5) Trump was a bad populist, in every sense of the word--but he did become, in his own self-indulgent, irresponsible, probably-never-really-actually-intended way, a voice for anti-financial globalism and anti-bureaucratic elitism, and thus a voice for community empowerment. His attacks on trade agreements and immigration policy were often racist, usually ignorant, and overall both toxic and demagogic--but at least he made those attacks. If it wasn't for Trump, the Republican party wouldn't be what it is today: a party trapped in a much-needed death-struggle over how technology, global capitalism, resource depletion, social and economic inequality, and demographic change are changing what we mean by community and the common good. I would have far preferred that death-struggle take place on the Democratic side, through the Sanders presidential candidacy, because then the possible bad results (and there are always possible bad results) wouldn't nearly as frightening. But you always need to look for silver linings, and so while the results of Clinton's election to the presidency and the Republican party's civil war are unlikely to present anything like what this nation needs, and risks exacerbating a few of our multiple slow-moving catastrophes even further, they are, on the whole, at least slightly better than most of the actually politically viable alternatives.

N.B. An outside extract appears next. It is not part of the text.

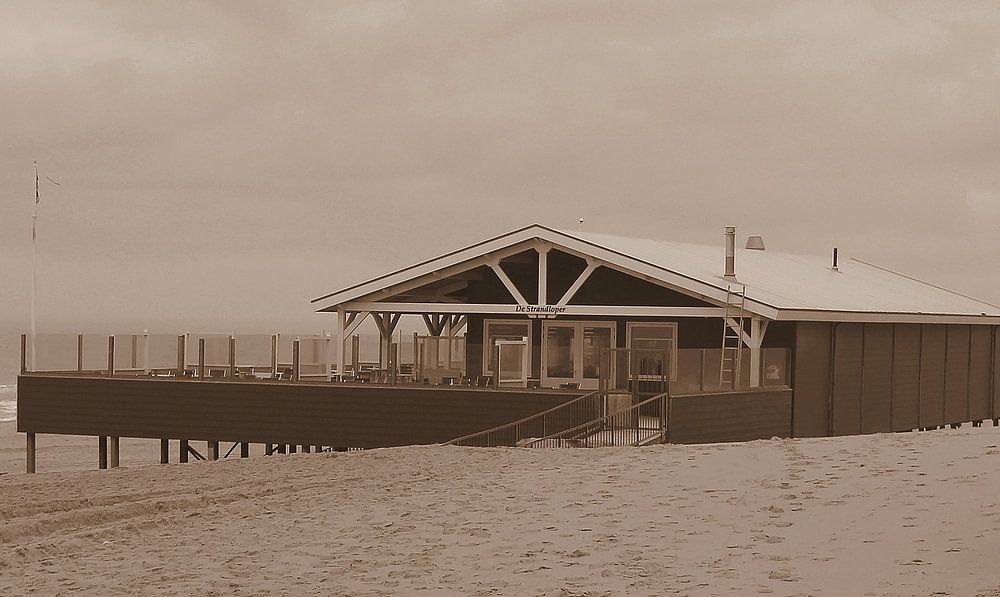 Über "Strandpavillon der Strandloper in Zeeland in Sepia"

6) What does the nation need? Well, Charles Marohn has put it well: "We will have a strong and prosperous nation only when we have strong cities, towns, and neighborhoods. That kind of prosperity cannot be imposed or engineered from the top; it must be built slowly from the ground up. Scale our economy to those working at the ground level and we will see a true prosperity emerge from the fear and acrimony that is our national dialog." Which means, far more than the presidency, what I'm watching tomorrow is our state legislative and county commission races here in Kansas: because those are the people I, and everyone else involved in local politics, in citizen initiatives, in fights over food trucks and bike paths and school funding and all the rest, will need on our side, or at least will need to understand better when we oppose them. Is it arguable that Trump or Clinton might be a better prospect for local engagement? Perhaps. But neither president can do anything for thatching together our socio-economic fragments if there aren't citizens connecting with one another, organizing and fighting and celebrating together, in their still-existent communities, on behalf of such a rebuilding project. The localist alternative to federal decline will exist whomever wins tomorrow; while I'm happy about my prediction, I'm even happier--or at least even more unworried--knowing that there will be people whom I can meet with and work with locally, tomorrow and next week and next month and next year, regardless of what happens in the meantime.

2 comments:

Solidarist said...

Did you ever hear about the American Solidarity Party? Quixotic as third parties may be, at least they provide a platform for Christian democratic and communitarian views to be expressed in American politics.

Russell Arben Fox said...

Solidarist,

Sorry I never responded to this before, but yes, I am familiar with the American Solidarity, and admire much of what they stand for--probably not quite as much as I agree with some other third parties or random candidates like Sanders, but much more than I agree with either of the mainstream parties. I was seriously tempted to write Michael Maturen in on my Kansas ballot, but as I'd already gone far with Sanders and the Democratic Socialists of America, insofar as expressing and electorally pointless personal wish was concerned I just didn't have any desire to get off the Sanders train.